### What this task involves
Exactly as written and without the pictures, output the entries below.

══ Exercise data ══

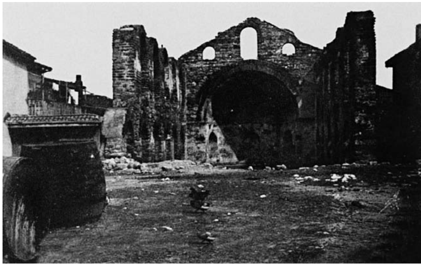
Τα ερείπια της παλαιάς μητρόπολης της αγίας Σοφίας το 1900.
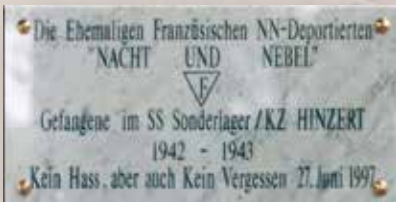
Gedenktafel ehemaliger französischer Häftlinge, angebracht an der Kapelle der Gedenkstätte am 27. Oktober 1997

Die überregionale, internationale Bedeutung der Gedenkstätte und der mit ihr im Zusammenhang stehenden „Stätten der Unmenschlichkeit“ wurde durch den rheinland-pfälzischen Landtag im September 2005 u.a. auch dadurch unterstrichen, dass ein Landesgesetz die Versammlungsfreiheit an diesen historischen Orten einschränkt. Dadurch soll eventuellen Störungen des Gedenkens an die Opfer durch neonazistische Kreise vorgebeugt werden. Die „Stätten der Unmenschlichkeit“ werden wie die Ausstellung im Dokumentations- und Begegnungshaus und der Friedhof in die historisch-politische Bildungsarbeit der Landeszentrale für politische Bildung einbezogen, vor allem unter dem Aspekt des Erinnerns an die Opfer, die für Freiheit und Menschenwürde ihr Leben lassen mussten.
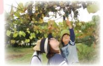
山大農場…。山羊にやまぶどうにみるものたくさんです。
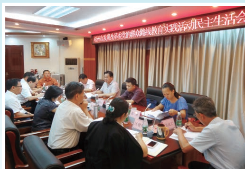
召开党的群众路线教育实践活动民主生活会
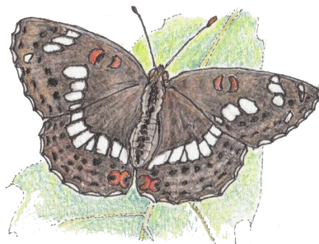
イチモンジチョウ♀
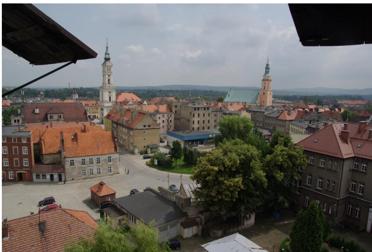
Blick auf Neustadt / Widok na Prudnik
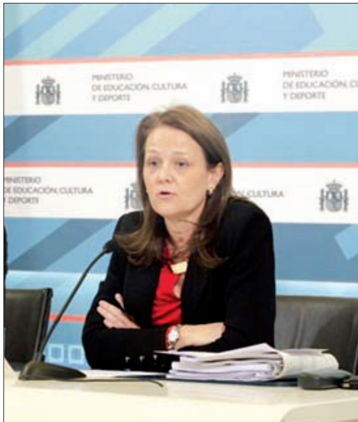
Montserrat Gomendio, secretaria de Estado de Educación

En concreto, en Matemáticas, la puntuación media española se sitúa en los 484 puntos, uno menos que en 2003 y diez menos que la media de la OCDE, lo que coloca a España en el puesto 25 de 34 países; en Lectura, alcanza los 488 puntos, ocho menos que la media (496), por lo que nuestro país alcanza el puesto 23; y en Ciencias llega a los 496 puntos (puesto 21), cinco menos que la OCDE (501).
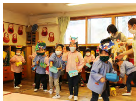
年少組さん、鬼に負けずに豆まき!

2月号は「節分の豆をまく前にするべきことは？」という問題でした。正解は、③窓や玄関を開けるでした。「鬼は外」の掛け声とともに豆をまきます。窓を開け窓から鬼を追い出し、追い出した鬼が戻らないよう窓を閉め、「福は内」と豆をまきましょう。奥の部屋からまいていき、最後に玄関でまいて豆まきを終わってから、福豆を食べて、1年間の厄を取り除きましょう。地域によっては、豆まきの方法や口上などが異なるので、興味のある方は調べてみてください。みなさん、正解できたかな？
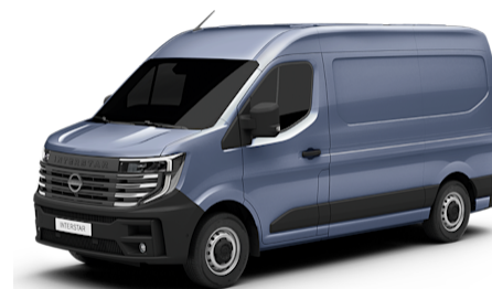
Blue Grey Metallic (J47)
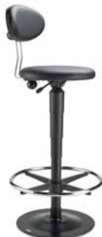
LeitnerStabil WS3S 9101R 54-79 cm

Infinitely adjustable bar stools from three product ranges: LeitnerStabil, LeitnerBar, LeitnerRoll For more information see www.ergomoebel.at
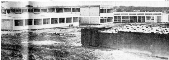
Die neue Schule in Strümp geht der Vollendung entgegen. Bis zum 5. April sollen alle Arbeiten erledigt sein, weil dann die Schule mit allen Räumen ganz bezogen wird. Dieser Neubau gibt der Gemeinde Strümp eine ideale Möglichkeit, die französischen Gäste aus Fouesnant zu empfangen.
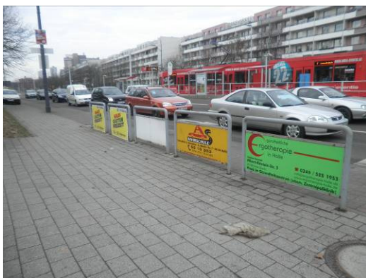
Werbetafeln in unterschiedlichen Größen montiert
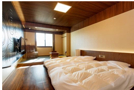
和洋室21㎡ツイン トイレ無
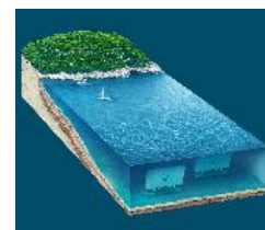
Figura 2 – Tecnologia de energia das ondas

existência de elevado recurso energético, cujo estudo tem vindo a ser efetuado nos últimos anos. Não obstante esses estudos persistem várias barreiras a ultrapassar para a disseminação das tecnologias de energias renováveis com maior aplicabilidade em Portugal – eólica offshore e ondas – as quais se prendem, essencialmente, com: i) mapeamento do recurso energético com precisão e sua validação experimental; ii) escassez de serviços e meios para ações de instalação e manutenção destes sistemas; iii) capacidade de receção da rede elétrica; e iv) impacto socioeconómico, entre outras. No projeto OffshorePlan está em desenvolvimento uma metodologia de planeamento da instalação de sistemas de energias renováveis marinhas – eólica offshore e ondas – a qual permitirá selecionar e hierarquizar a valência de futuras instalações, tendo em conta a sua evolução temporal e variabilidade espacial.
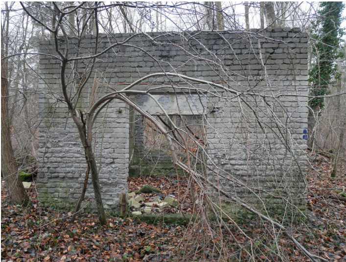
Kettenbahn Pauline-Pauline II
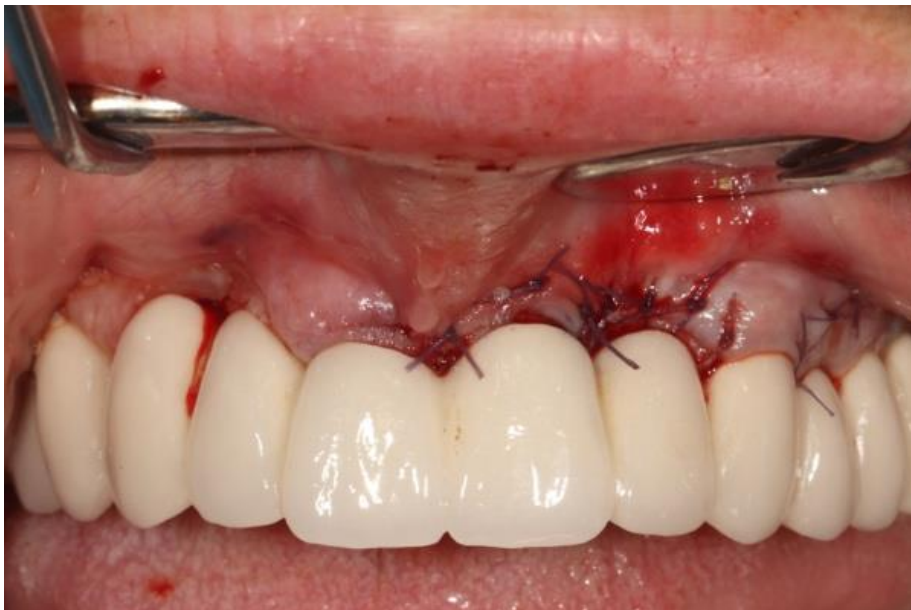
Slika 11. Šivanje režnja preko augmentiranog područja.

Rezultati regenerativnog liječenja periimplantitisa su praćeni u 18-o mjesecom periodu pokazujući fiziološke dubine sondiranja (2 mm), zdravo meko tkivo oko implantata i vertikalni dobitak kosti 3-5 mm. Gotovo svi prethodno eksponirani navoji implantata su prekriveni novostvorenom kosti, a razlika čestica grafta i okolne autologne kosti se ne uočava.
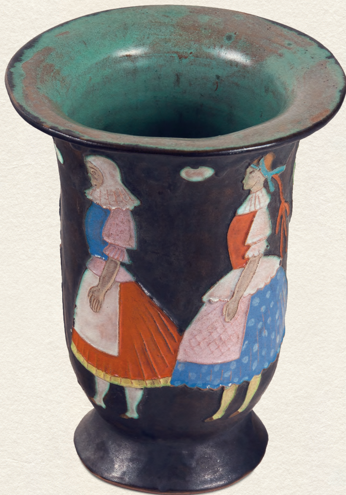
VÁZA - 1930., színes kerámia, 17x13x16 cm
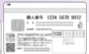
個人番号カード サンプル
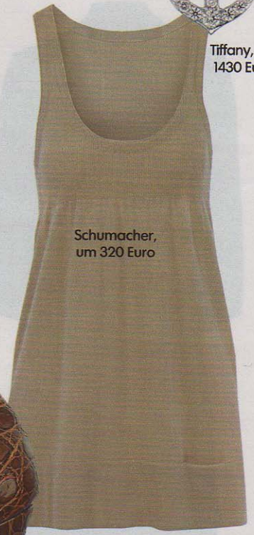
Schumacher, um 320 Euro
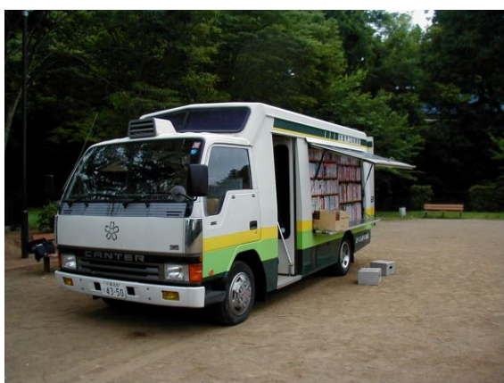
移動図書館車 さくらおぐるま号

移動図書館車(さくらおぐるま号)の運行によって、図書館から離れた地域に設けられたステーションや学校において、定期的に図書の貸出をします。

═══

### Exercise response
Τα ερείπια της παλαιάς μητρόπολης της αγίας Σοφίας το 1900.
Gedenktafel ehemaliger französischer Häftlinge, angebracht an der Kapelle der Gedenkstätte am 27. Oktober 1997

Die überregionale, internationale Bedeutung der Gedenkstätte und der mit ihr im Zusammenhang stehenden „Stätten der Unmenschlichkeit“ wurde durch den rheinland-pfälzischen Landtag im September 2005 u.a. auch dadurch unterstrichen, dass ein Landesgesetz die Versammlungsfreiheit an diesen historischen Orten einschränkt. Dadurch soll eventuellen Störungen des Gedenkens an die Opfer durch neonazistische Kreise vorgebeugt werden. Die „Stätten der Unmenschlichkeit“ werden wie die Ausstellung im Dokumentations- und Begegnungshaus und der Friedhof in die historisch-politische Bildungsarbeit der Landeszentrale für politische Bildung einbezogen, vor allem unter dem Aspekt des Erinnerns an die Opfer, die für Freiheit und Menschenwürde ihr Leben lassen mussten.
山大農場…。山羊にやまぶどうにみるものたくさんです。
召开党的群众路线教育实践活动民主生活会
イチモンジチョウ♀
Blick auf Neustadt / Widok na Prudnik
Montserrat Gomendio, secretaria de Estado de Educación

En concreto, en Matemáticas, la puntuación media española se sitúa en los 484 puntos, uno menos que en 2003 y diez menos que la media de la OCDE, lo que coloca a España en el puesto 25 de 34 países; en Lectura, alcanza los 488 puntos, ocho menos que la media (496), por lo que nuestro país alcanza el puesto 23; y en Ciencias llega a los 496 puntos (puesto 21), cinco menos que la OCDE (501).
年少組さん、鬼に負けずに豆まき!

2月号は「節分の豆をまく前にするべきことは？」という問題でした。正解は、③窓や玄関を開けるでした。「鬼は外」の掛け声とともに豆をまきます。窓を開け窓から鬼を追い出し、追い出した鬼が戻らないよう窓を閉め、「福は内」と豆をまきましょう。奥の部屋からまいていき、最後に玄関でまいて豆まきを終わってから、福豆を食べて、1年間の厄を取り除きましょう。地域によっては、豆まきの方法や口上などが異なるので、興味のある方は調べてみてください。みなさん、正解できたかな？
Blue Grey Metallic (J47)
LeitnerStabil WS3S 9101R 54-79 cm

Infinitely adjustable bar stools from three product ranges: LeitnerStabil, LeitnerBar, LeitnerRoll For more information see www.ergomoebel.at
Die neue Schule in Strümp geht der Vollendung entgegen. Bis zum 5. April sollen alle Arbeiten erledigt sein, weil dann die Schule mit allen Räumen ganz bezogen wird. Dieser Neubau gibt der Gemeinde Strümp eine ideale Möglichkeit, die französischen Gäste aus Fouesnant zu empfangen.
Werbetafeln in unterschiedlichen Größen montiert
和洋室21㎡ツイン トイレ無
Figura 2 – Tecnologia de energia das ondas

existência de elevado recurso energético, cujo estudo tem vindo a ser efetuado nos últimos anos. Não obstante esses estudos persistem várias barreiras a ultrapassar para a disseminação das tecnologias de energias renováveis com maior aplicabilidade em Portugal – eólica offshore e ondas – as quais se prendem, essencialmente, com: i) mapeamento do recurso energético com precisão e sua validação experimental; ii) escassez de serviços e meios para ações de instalação e manutenção destes sistemas; iii) capacidade de receção da rede elétrica; e iv) impacto socioeconómico, entre outras. No projeto OffshorePlan está em desenvolvimento uma metodologia de planeamento da instalação de sistemas de energias renováveis marinhas – eólica offshore e ondas – a qual permitirá selecionar e hierarquizar a valência de futuras instalações, tendo em conta a sua evolução temporal e variabilidade espacial.
Kettenbahn Pauline-Pauline II
Slika 11. Šivanje režnja preko augmentiranog područja.

Rezultati regenerativnog liječenja periimplantitisa su praćeni u 18-o mjesecom periodu pokazujući fiziološke dubine sondiranja (2 mm), zdravo meko tkivo oko implantata i vertikalni dobitak kosti 3-5 mm. Gotovo svi prethodno eksponirani navoji implantata su prekriveni novostvorenom kosti, a razlika čestica grafta i okolne autologne kosti se ne uočava.
VÁZA - 1930., színes kerámia, 17x13x16 cm
個人番号カード サンプル
Schumacher, um 320 Euro
移動図書館車 さくらおぐるま号

移動図書館車(さくらおぐるま号)の運行によって、図書館から離れた地域に設けられたステーションや学校において、定期的に図書の貸出をします。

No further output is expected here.